July 30, 2025, 5:02 a.m. ET
Federal investigators on Wednesday are expected to begin providing the clearest picture yet of what went wrong earlier this year when an Army Black Hawk helicopter crashed into an American Airlines regional jet outside Washington, D.C., killing 67 people and touching off a crisis of confidence in air travel safety.
The National Transportation Safety Board, which has spent the last six months investigating the accident, is set to convene the first of three days of public hearings at 9 a.m. Eastern. Federal aviation safety officials, military brass and other parties involved in the crash are scheduled to testify about the events leading up to the midair collision near Ronald Reagan National Airport on the evening of Jan. 29.
The board is also expected to release approximately 10,000 pages of new documents related to the crash at the same time the hearing begins, including transcripts of the cockpit recordings from both American Airlines Flight 5342 and the Army Black Hawk and of the air traffic control transmissions to all aircraft in the area.
The documents are also expected to include a combined transcript illustrating how all of those communications overlapped in real time, as well as factual reports about the air control tower, aircraft and the people involved in operating them that night.

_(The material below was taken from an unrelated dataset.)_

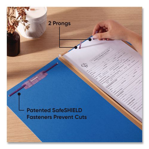 Protect your documents and fingers with Smead™ patented SafeSHIELD® Coated Fastener Technology; the ultimate solution to fastener issues, including paper tears, finger cuts and excessive fastener crinkling. Use colors to signal category or type of project at a glance. Sturdy tear resistant gusset expands to hold up to 2" of material. Two dividers provide six filing surfaces for ultimate organization.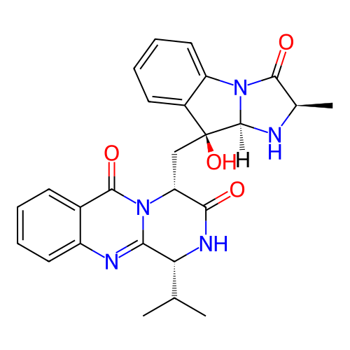 | SMILES | C[C@@H]1C(=O)N2[C@@H](N1)[C@@](C3=CC=CC=C32)(C[C@@H]4C(=O)N[C@@H](C5=NC6=CC=CC=C6C(=O)N45)C(C)C)O |

Though the board already issued a preliminary report and urgent recommendations, and the Federal Aviation Administration has already implemented safety measures to reduce the risk of a similar episode in the nation’s capital, there are still a number of unanswered questions. They include why an Army helicopter on a pilot evaluation mission flew higher than was allowed in the vicinity of one of the nation’s most congested airports, what led to the air traffic control tower being understaffed that evening, and various communication failures that might have contributed to the fatal collision.
N.T.S.B. investigators are not expected to reach any conclusions about the cause of the accident, though the board’s chairwoman, Jennifer Homendy, has promised that those, and final safety recommendations, will be issued by next January.